Akhil-Myadarapu avatar Jan 12 '21 07:01 Akhil-Myadarapu

Hi @Akhil-Myadarapu,

I'm sorry, but I really do not have the time to put together a presentable demo right now. Feel free to put one up if you have more time on your hands than I.

In order to use the "monkey patch" that I attached in a previous post, you only need to import the "installPatch" function from the module:

import { installPatch } from './nested-drag-drop-patch'

and then call it at the root level of your .ts file:

installPatch();

Apart from that, you need to set up a nested tree with cdkDropList and cdkDrop in your template. Remember to use cdkDropListConnectedTo to connect all the drop lists. Using cdkDropListGroup will not work for a nested setup.

You might find that the patch generates some warnings when running lint. These have been fixed in the pull request. Have a look at that if you want the latest version of the fix.

soren-petersen avatar Jan 12 '21 14:01 soren-petersen

@Akhil-Myadarapu, I added the monkey patch to @shesse's original StackBlitz, and then replaced its content with the method bodies from the PR (commit d3690c3):

It works pretty good!

@soren-petersen During dragging, there's some trouble transitioning to a nested list (coming from the top, it doesn't change until the 2nd or 3rd item down; coming from the bottom it wants to drop before the nested list for some pixels, than switches to into.) Not sure if I should make the comments in the PR itself as well?

jneuhaus20 avatar Jan 20 '21 16:01 jneuhaus20

@soren-petersen I've used the zip.file to patch the cdk and it does solve the original issue here.

https://stackblitz.com/edit/angular-10-clarity-4-dragdrop-nested-with-fix

However dragging an item from a child to it's parent seems to have very narrow window. In my example the preview element has a height of 20px. Without the patch, the window works as expected (with the bug of this issue of course). With the patch the window seems to be only like a pixel or so.
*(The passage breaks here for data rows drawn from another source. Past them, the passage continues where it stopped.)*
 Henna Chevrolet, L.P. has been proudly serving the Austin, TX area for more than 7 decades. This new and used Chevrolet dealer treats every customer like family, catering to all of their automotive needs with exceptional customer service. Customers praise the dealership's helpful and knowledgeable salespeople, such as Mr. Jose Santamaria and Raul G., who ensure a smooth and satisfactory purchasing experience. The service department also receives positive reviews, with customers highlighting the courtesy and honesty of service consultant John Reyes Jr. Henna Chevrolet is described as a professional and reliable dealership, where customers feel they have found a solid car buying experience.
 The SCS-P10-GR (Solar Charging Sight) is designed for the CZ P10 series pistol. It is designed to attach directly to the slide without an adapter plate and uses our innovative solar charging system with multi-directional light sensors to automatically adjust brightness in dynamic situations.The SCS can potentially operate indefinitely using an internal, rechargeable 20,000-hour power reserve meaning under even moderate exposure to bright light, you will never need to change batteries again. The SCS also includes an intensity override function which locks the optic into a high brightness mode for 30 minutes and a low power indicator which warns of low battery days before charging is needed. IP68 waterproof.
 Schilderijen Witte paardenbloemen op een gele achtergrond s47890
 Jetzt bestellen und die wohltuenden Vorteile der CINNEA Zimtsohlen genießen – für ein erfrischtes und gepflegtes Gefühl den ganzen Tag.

aavelyn avatar Feb 07 '21 20:02 aavelyn

So it seems like there is some internal priority here. I've gotten pretty decent results with sorting the lists by dom depth as a workaround:

    this.connectedDroplists$ = this._connectedDroplists$.pipe(
      debounceTime(16),
      tap((connectedDropLists) => {
        // sort the lists by depth to prefer deeper lists
        connectedDropLists.sort((a, b) => {
          return (
            this._getDepth(b.element.nativeElement) -
            this._getDepth(a.element.nativeElement)
          );
        });
      }),
      shareReplay(1)
    ) as BehaviorSubject<CdkDropList[]>;

~It seems that no matter what I do, I can't seem to get it to re-order within the source droplist where I grabbed an item from.~

Sorting the droplists by element depth and using the enforce hack that @shesse has provided, ~I have gotten an excellent result even with completely overlapping nested drop lists~ (looks like I had a gap that allowed for me to add to the parent). Thank you @shesse!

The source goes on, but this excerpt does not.